I enjoyed the post where ever its at. Thanks for sharing.


----------



## fishhawkxxx (Jul 7, 2012)

glad you found one to tinker with.I too avoid plastic reels.I recently picked up a airex spinning reel it is a master reel saltwater edition w lever drag! Anxious to tear into it!


----------



## colbyntx (Jul 18, 2013)

Man, that's a lot of goop in there! What did you re-grease with? How much did you put? I never know exactly how much and where to grease and where to oil on which reel! Seems like some places in the reel more is better and others places where a little is too much?


----------



## histprof (Oct 30, 2011)

Since everything in there is metal, it is OK to go after it with WD40 or similar. I hit it with the solvent and then start pulling parts and wiping them off with paper towels. I put them back together with just enough Penn reel grease to keep them running smooth and a drop of reel oil on the bearings. I also put a drop of oil on all of the screw threads. That reel was essentially waterproof with all of that mechanic's grease in there. But, when it turned, that stuff would have been like pine sap. Nasty.
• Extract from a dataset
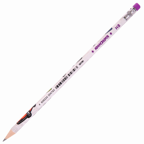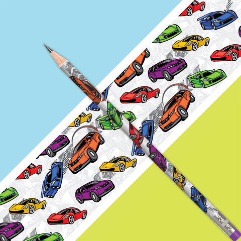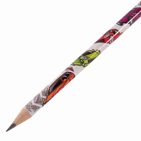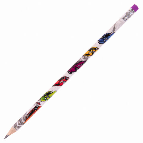 Карандаш чернографитный ЮНЛАНДИЯ "МАШИНКИ", 1 шт., HB, с ластиком, корпус с печатью, 181781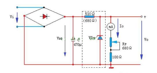 确定了稳压二极管的稳压值之后,需要确定分压电阻的阻值。在这里的电阻主要起到两个作用:一个是提供稳压二极管的工作电流,另一个是限制稳压二极管的最大电流。稳压二极管的电流低时,无法起到正常的稳压作用,过高会出现永久击穿。计算电阻的阻值,需要首先确定两个值,一个是输入的电压范围,另一个是负载电流的变化范围,还有另外的两个参数最小电流以及最大电流,这个可以在稳压二极管的技术手册中查到。

Didn't get to fish this weekend  Oil pressure guage on the truck pegged at maximum. I need to run it through the shop... No sense in buying a motor for a fishing trip. Maybe next weekend.


----------



## onalomyrrej (Jan 22, 2013)

I Guarantee that reel has caught more fish than I have at this point in my life but nice find!... Looks like they decided to use Earwax for grease haha


----------



## histprof (Oct 30, 2011)

I just added a 7000C to the team this morning. Hopefully big brother is in as good a shape. Now, finding time to fish....


----------



## histprof (Oct 30, 2011)

7000c in the house. New oil pressure sensor in the truck. It appears that my waterfowl are queing for a beach trip tomorrow.


----------